Imagine a world where a child born deaf can hear their parents’ voices for the first time. This vision is closer to reality thanks to a groundbreaking discovery by researchers at iHuman Institute, ShanghaiTech University. Led by Associate Professor Zhong Guisheng, the team has developed a technology called ARBITER (AAV Reporter-Based in vivo Transcriptional Enhancer Reconstruction), which has successfully restored hearing in deaf mice by precisely targeting outer hair cells in the ear. Published on April 21in Neuron under the title “Deciphering Enhancers of Hearing Loss Genes for Efficient and Targeted Gene Therapy of Hereditary Deafness,” this study marks a significant leap forward in treating hereditary deafness, a condition affecting over 400 million people worldwide, including 34 million children.
Hereditary deafness often stems from mutations in genes like Slc26a5, which encodes a protein essential for outer hair cells—the ear’s “sound amplifiers.” When Slc26a5 mutates, these cells fail to amplify sound, leading to profound hearing loss. Traditional gene therapies using adeno-associated viruses (AAVs) to deliver corrected genes face challenges: the virus can mistakenly target other types of cells, causing side effects, or require high doses that increase risks and costs. ARBITER overcomes these hurdles by identifying and optimizing “super keys”—highly specific regulatory sequences that ensure the Slc26a5 gene is expressed only in outer hair cells.
Think of the ear as a bustling factory where outer hair cells are technicians relying on a Slc26a5 “manual” to amplify sound. A mutation scrambles the manual, shutting down the factory. ARBITER acts like a master locksmith, crafting a super key that unlocks the correct manual exclusively for these technicians. In tests on deaf mice and tree shrews, AAVs equipped with ARBITER’s super key delivered the Slc26a5 gene to outer hair cells, restoring their function and enabling the animals to hear again, as confirmed by auditory tests.

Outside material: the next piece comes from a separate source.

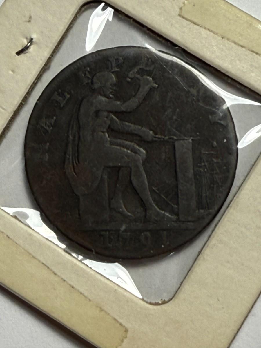 Great Britain 1791 John Wilkinson - Iron Master Copper Half Penny Token Heavily Circulated Condition as Pictured. $5 DOMESTIC SHIPPING.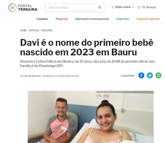 Portal Ternura: Davi é o nome do primeiro bebê nascido em 2023 em Bauru

What sets ARBITER apart is its versatility. Beyond Slc26a5, it can identify regulatory keys for other deafness genes, such as Tmc1 or Gjb2, paving the way for tailored therapies for various forms of hereditary deafness. This technology also deepens our understanding of how genes are regulated in the cochlea, offering insights into ear development and potential applications for other genetic disorders.
“This breakthrough is a game-changer for hereditary deafness research,” said Prof. Zhong Guisheng. “ARBITER not only restores hearing in animal models but also sets a foundation for safer, more precise gene therapies that could one day transform lives.”
The study’s co-first authors, Research Associate Professor Zhao Simeng from iHuman Institute and PhD students Yang Qiuxiang and Yu Zehua from the School of Life Science and Technology, played pivotal roles in developing ARBITER. Prof. Zhong and Dr. Zhao are the co-corresponding authors, with ShanghaiTech University as the first affiliation. The team is now exploring ARBITER’s potential to target other cochlear cell types and complex genetic diseases, bringing hope to millions affected by hearing loss and beyond.